→ About this exercise: Only an exact repetition is needed: the lines from the start of the listing below through the line that contains "салып, жауабы ұнаған, сабаққа", pictures omitted.

→ Data:
========================================

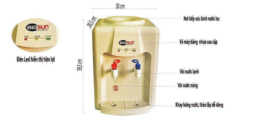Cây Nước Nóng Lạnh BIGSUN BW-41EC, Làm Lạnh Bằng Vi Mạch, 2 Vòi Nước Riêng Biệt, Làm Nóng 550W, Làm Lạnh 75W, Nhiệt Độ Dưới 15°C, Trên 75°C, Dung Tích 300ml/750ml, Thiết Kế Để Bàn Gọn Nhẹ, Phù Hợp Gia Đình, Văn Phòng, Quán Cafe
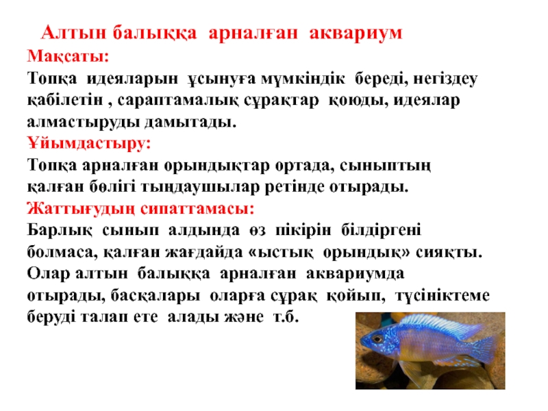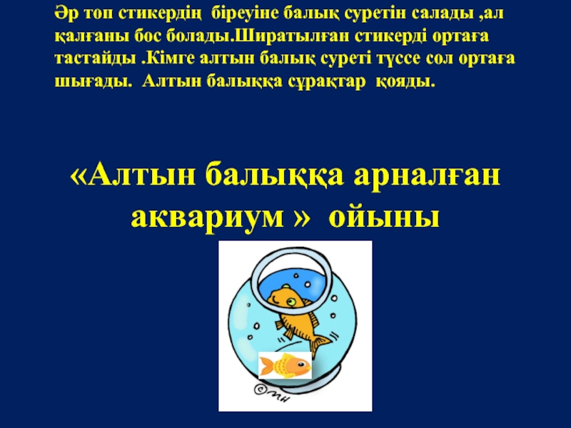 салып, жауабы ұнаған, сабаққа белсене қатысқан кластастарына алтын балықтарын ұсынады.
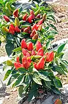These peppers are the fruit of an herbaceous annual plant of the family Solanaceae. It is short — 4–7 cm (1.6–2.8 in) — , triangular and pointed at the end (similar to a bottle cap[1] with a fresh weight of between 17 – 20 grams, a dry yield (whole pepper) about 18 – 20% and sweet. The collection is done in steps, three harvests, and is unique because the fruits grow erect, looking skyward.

========================================

→ Your response:
Cây Nước Nóng Lạnh BIGSUN BW-41EC, Làm Lạnh Bằng Vi Mạch, 2 Vòi Nước Riêng Biệt, Làm Nóng 550W, Làm Lạnh 75W, Nhiệt Độ Dưới 15°C, Trên 75°C, Dung Tích 300ml/750ml, Thiết Kế Để Bàn Gọn Nhẹ, Phù Hợp Gia Đình, Văn Phòng, Quán Cafe
 салып, жауабы ұнаған, сабаққа белсене қатысқан кластастарына алтын балықтарын ұсынады.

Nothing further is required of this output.